The "Fox" Project
Benjamin Beck's transcription of The Cunning Little Vixen was born under the form of a musical tale based on Janáček’s eponymous work, which he arranged and rewrote for viola, piano and narrator. It is a dreamlike performance that blurs the boundaries of the musical genre, where sublime music and fantastical storytelling at times follow one another, and at other times intertwine.
The show consists of 17 musical excerpts from the original opera, transcribed for viola and piano and a rewriting of the libretto staged for a narrator/ actor. Words and sounds answer and complement each other: the music describes the unspeakable, like a wordless ode to the beauty of nature, while the actor gives substance to the story to tell us a memorable fable, a universal tale about love and freedom. Caught up in the intense theatrical action, the listener soon gets completely immersed in the story.
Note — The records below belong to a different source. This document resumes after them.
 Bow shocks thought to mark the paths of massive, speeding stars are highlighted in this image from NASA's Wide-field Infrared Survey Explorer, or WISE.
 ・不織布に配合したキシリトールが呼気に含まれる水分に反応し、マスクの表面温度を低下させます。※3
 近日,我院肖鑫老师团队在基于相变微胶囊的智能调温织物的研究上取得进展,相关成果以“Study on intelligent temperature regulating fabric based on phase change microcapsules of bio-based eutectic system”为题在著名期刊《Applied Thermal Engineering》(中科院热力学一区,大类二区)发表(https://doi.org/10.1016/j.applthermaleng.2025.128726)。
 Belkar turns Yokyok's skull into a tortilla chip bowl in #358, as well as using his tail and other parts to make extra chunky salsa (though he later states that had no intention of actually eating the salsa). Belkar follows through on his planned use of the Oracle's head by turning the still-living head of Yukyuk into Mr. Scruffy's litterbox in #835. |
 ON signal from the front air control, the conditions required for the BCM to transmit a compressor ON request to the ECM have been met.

In the Moravian forest, we meet Sharp-Ears, an intelligent and emancipated vixen, who likes to play tricks on humans and eat chicken. At a very young age, she is kidnapped by Bartos, the forest ranger, who takes her to the farm. Sharp-Ears grows up there, always ready to steal food and defy the authority of the rooster and the humans, until she becomes an adult and escapes. She then steals a burrow from an old badger in the forest and has many more adventures, before tragically dying to protect her family. Her story seems to be over, but a few months later, Bartos meets a daughter from Sharp-Ears, who strangely resembles her…
There is a beautiful alternating and contrast in this story between the human scenes, full of melancholy and increasingly aware of the time passing, and those involving nature and animals, carefree and experiencing time as if it were an infinite loop. One of the greatest strengths of this story is the absolute sincerity of the emotions of the characters, both human and animal, making the music even more expressive and touching. The emotions furtively and intensely pass by, neither exaggerated nor dramatized, and always supported by the music with infinite compassion.
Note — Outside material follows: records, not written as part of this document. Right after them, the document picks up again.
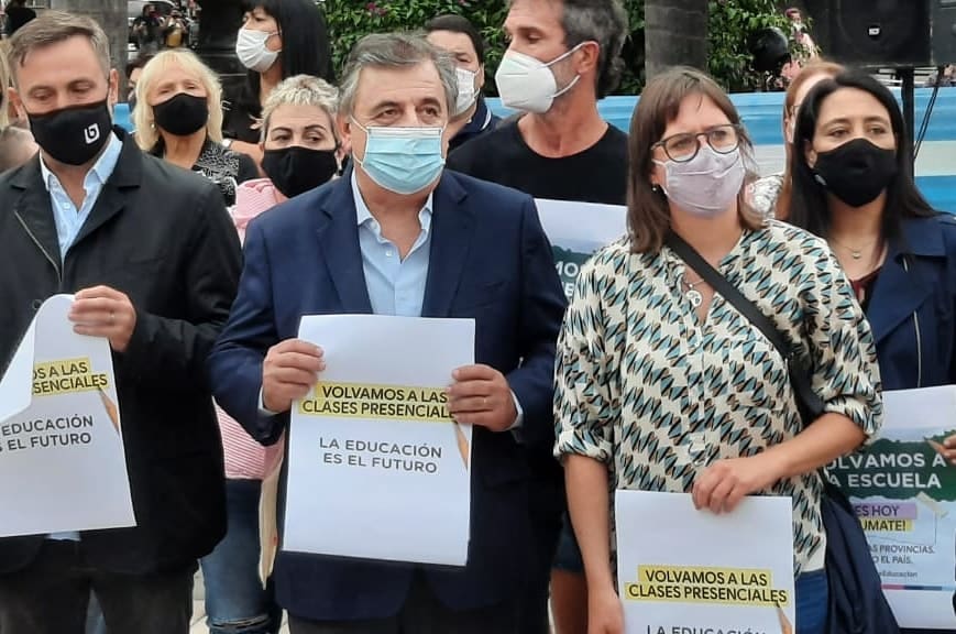 Ayer, en el día en que se debian presentar listas para las elecciones internas de la UCR, la alianza Juntos por el Cambio llevó a cabo un «Aula Abierta» para reclamar el retorno a clases presenciales en todo el país.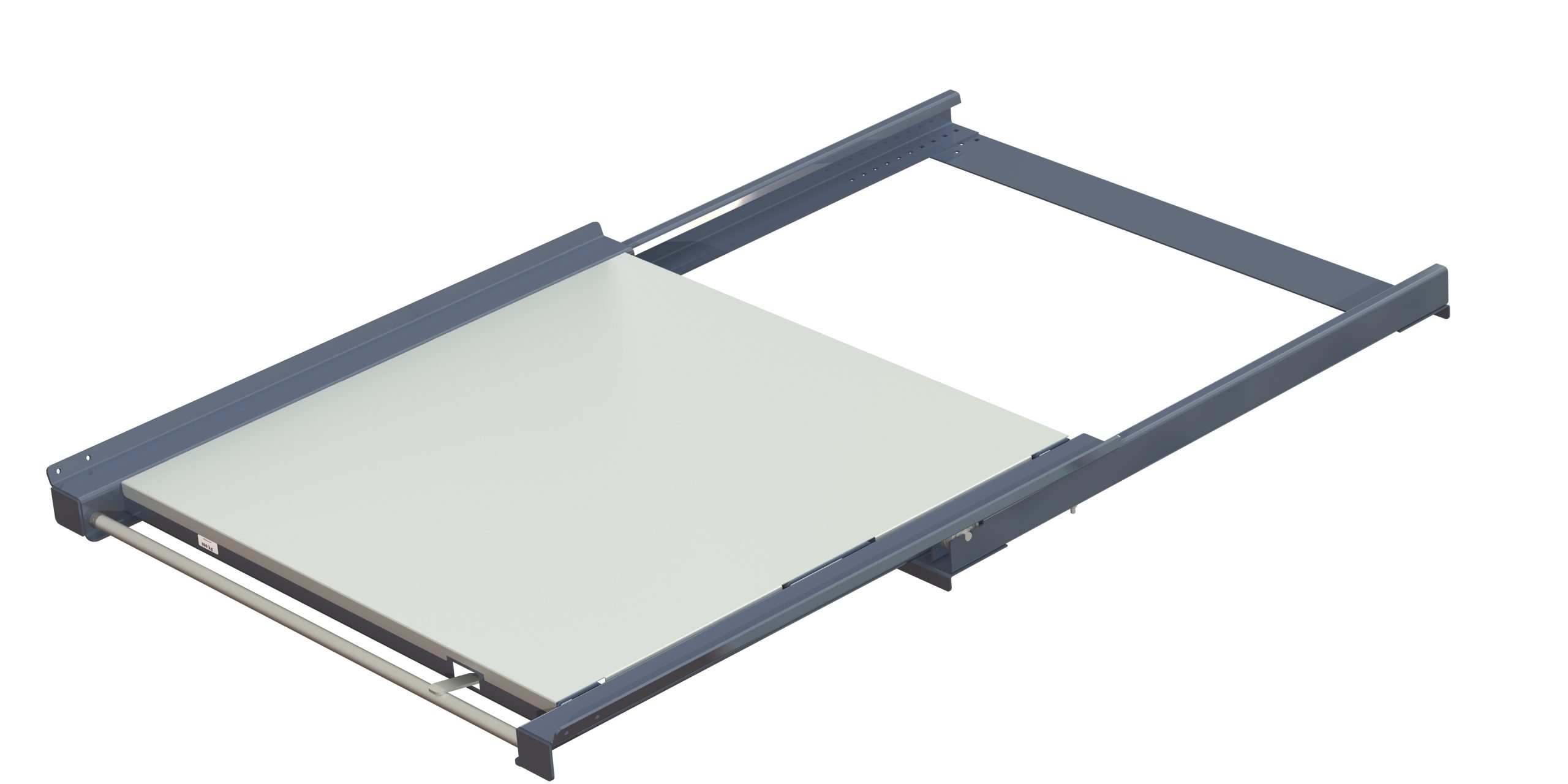 Pull-out unit for pallet rack with 70% extension, 800 kg load capacity, Front-loaded, for IND-pallet with steel shelf panel Pull-out unit for pallet rack with 70% extension, 800 kg load capacity, Front-loaded, for IND-pallet with steel shelf panel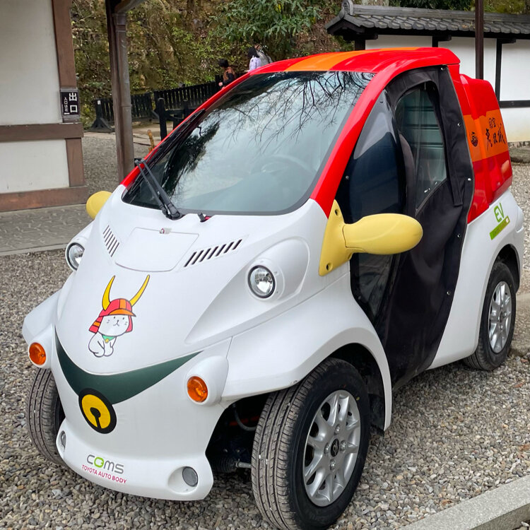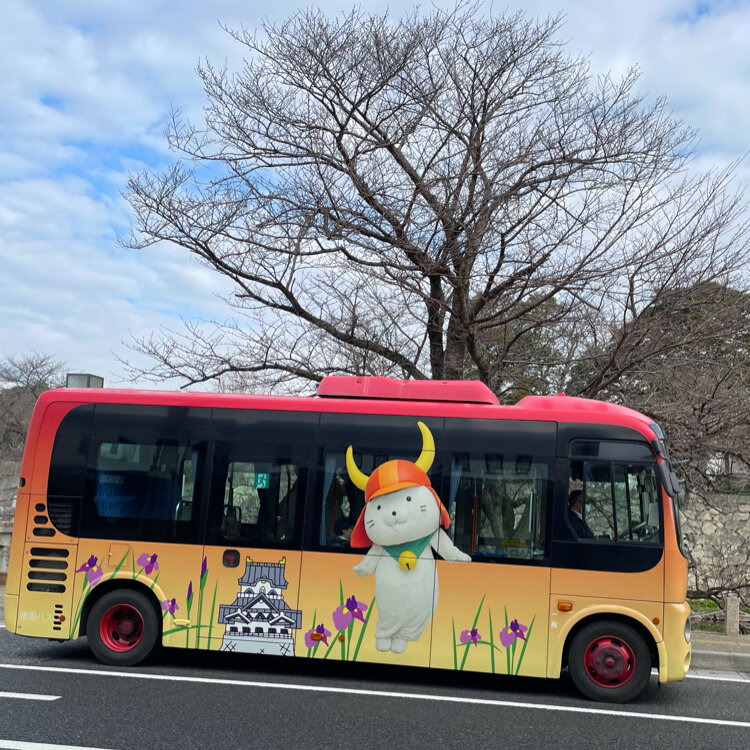 彦根市のあちらこちらにひこにゃんが溢れていて、ひこにゃんのラッピングバスや彦根城内の移動用EV車体(ひこにゃん、井伊の赤備えラッピング)を見かけました。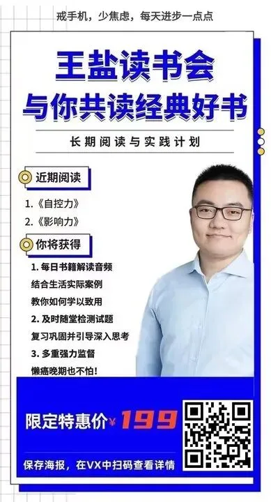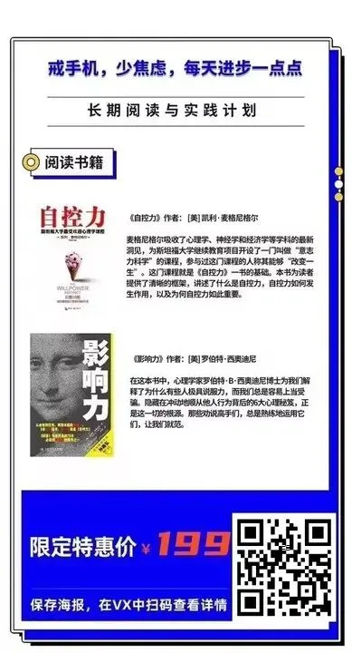 相信无论你想提升哪方面,都可以在本期读书会找到正确的掌控自己、影响他人的方法,拿回人生的主导权、提升社交的影响力。1、我对《自控力》和《影响力》这两本书籍的解读音频(23节)、文稿(超5W字),除了讲解书中内容外,会教你如何在生活中学以致用。2、每节内容会布置作业、思考题。3、会有专门的同学督促大家读书、完成作业。

The show requires three artists: a violist, a pianist and an actor; a piano as an instrument, and a small table and a chair as scenic elements. The entire performance lasts one hour and five minutes without a break. The format of the show is ambitious and innovative: shorter and more compact in its realization than an opera, it retains all of its impact and depth. It is lively, attractive and easy to share. Its ideal form as a bridge between the arts brings a new audience to experience and love classical music and performances off the beaten track.
The project was supported during its conception by the Ateliers Medicis, an institution dependent on the Ministries of Culture and Education in France. To this extent, it was developed in parallel with an educational project in a primary school and given once in 2019 for the children and the village of the school, where it received an overwhelming response from both the children and their parents.
Our Little Fox, a project driven by the reunion of three recognized, enthusiastic and experienced artists with different backgrounds, is an adventure, a daring tale and a precious moment to share. It combines the absolute beauty of a masterpiece, artistic excellence, and accessibility amplified by its rare nature of being a bridge between the arts. These multiple qualities make it unique and unforgettable.